Extract the “path” of a data point through a decision tree in sklearn
-
16-10-2019 - |
문제
I'm working with decision trees in python's scikit learn. Unlike many use cases for this, I'm not so much interested in the accuracy of the classifier at this point so much as I am extracting the specific path a data point takes through the tree when I call .predict()
on it. Has anyone done this before? I'd like to build a data frame containing ($X_{i}$, path$_{i}$) pairs for use in a down-stream analysis.
해결책
Looks like this is easier to do in R, using the rpart
library in combination with the partykit
library. I'd ideally like to find a way to do this in python, but here's the code, for anyone who is interested (taken from here):
pathpred <- function(object, ...){
## coerce to "party" object if necessary
if(!inherits(object, "party")) object <- as.party(object)
## get standard predictions (response/prob) and collect in data frame
rval <- data.frame(response = predict(object, type = "response", ...))
rval$prob <- predict(object, type = "prob", ...)
## get rules for each node
rls <- partykit:::.list.rules.party(object)

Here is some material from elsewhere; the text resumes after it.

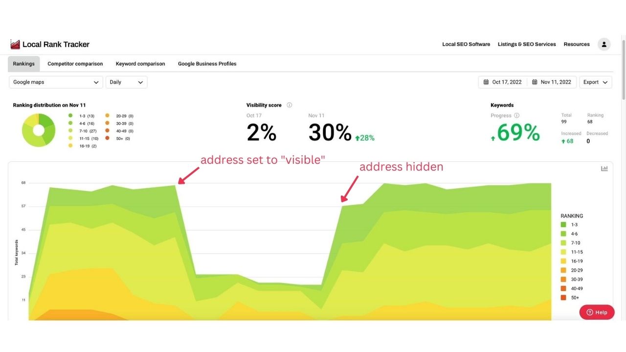 This example shows why you want to track your rankings in a tool like the Whitespark Local Rank TrackerAs soon as he hid his address, boom, all his rankings in those service areas popped back up.

## get predicted node and select corresponding rule
rval$rule <- rls[as.character(predict(object, type = "node", ...))]
return(rval)
}
Illustration using the iris data and rpart():
library("rpart")
library("partykit")
rp <- rpart(Species ~ ., data = iris)
rp_pred <- pathpred(rp)
rp_pred[c(1, 51, 101), ]
Yielding,
response prob.setosa prob.versicolor prob.virginica
1 setosa 1.00000000 0.00000000 0.00000000
51 versicolor 0.00000000 0.90740741 0.09259259
101 virginica 0.00000000 0.02173913 0.97826087
rule
1 Petal.Length < 2.45
51 Petal.Length >= 2.45 & Petal.Width < 1.75
101 Petal.Length >= 2.45 & Petal.Width >= 1.75
Which looks to be something I could at least use to derive shared parent node information.